Trainable Span Linker[source]

The eds.span_linker component is a trainable span concept predictor, typically used to match spans in the text with concepts in a knowledge base. This task is known as "Entity Linking", "Named Entity Disambiguation" or "Normalization" (the latter is mostly used in the biomedical machine learning community).

Entity Linking vs Named Entity Recognition

Entity Linking is the task of linking existing entities to their concept in a knowledge base, while Named Entity Recognition is the task of detecting spans in the text that correspond to entities. The eds.span_linker component should therefore be used after the Named Entity Recognition step (e.g. using the eds.ner_crf component).

How it works

To perform this task, this components compare the embedding of a given query span (e.g. "aspirin") with the embeddings in the knowledge base, where each embedding represents a concept (e.g. "B01AC06"), and selects the most similar embedding and returns its concept id. This comparison is done using either:

the cosine similarity between the input and output embeddings (recommended)
a simple dot product

We filter out the concepts that are not relevant for a given query by using groups. For each span to link, we use its label to select a group of concepts to compare with. For example, if the span is labeled as "drug", we only compare it with concepts that are drugs. These concepts groups are inferred from the training data when running the post_init method, or can be provided manually using the pipe.update_concepts(concepts, mapping, [embeddings]) method. If a label is not found in the mapping, the span is compared with all concepts.

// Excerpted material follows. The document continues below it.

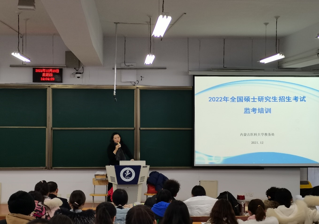 为了增强责任意识,明确我校国家教育统一考试考务人员及监考人员的工作责任,确保2022年全国硕士研究生招生考试安全保密和考风考纪良好,维护考试的权威性和公信力,根据《中华人民共和国教育法》《国家教育考试违规处理方法》《关于实行高等学校招生考试工作责任制及责任追究暂行办法》《国家教育考试考务安全保密工作规定》《新冠肺炎疫情防控常态化下全国大学英语四六级考试组考防疫工作的指导意见》,结合《中华人民共和国刑法》(修正案九)等法律规定,以及国家、自治区及学校相关考务工作规定,2021年12月23日下午14:00,学校在金山校区教学北楼101教室召开了“2022年全国硕士研究生招生考试监考教师培训会 ”。

We support comparing entity queries against two kind of references : either the embeddings of the concepts themselves (reference_mode = "concept"), or the embeddings of the synonyms of the concepts (reference_mode = "synonym").

Synonym similarity

When performing span linking in synonym mode, the span linker embedding matrix contains one embedding vector per concept per synonym, and each embedding maps to the concept of its synonym. This mode is slower and more memory intensive, since you have to store multiple embeddings per concept, but it can yield good results in zero-shot scenarios (see example below).

Concept similarity

In concept mode, the span linker embedding matrix contains one embedding vector per concept : imagine a single vector that approximately averages all the synonyms of a concept (e.g. B01AC06 = average of "aspirin", "acetyl-salicylic acid", etc.). This mode is faster and more memory efficient, but usually requires that the concept weights are fine-tuned.

Examples

Here is how you can use the eds.span_linker component to link spans without training, in synonym mode. You will still need to pre-compute the embeddings of the target synonyms.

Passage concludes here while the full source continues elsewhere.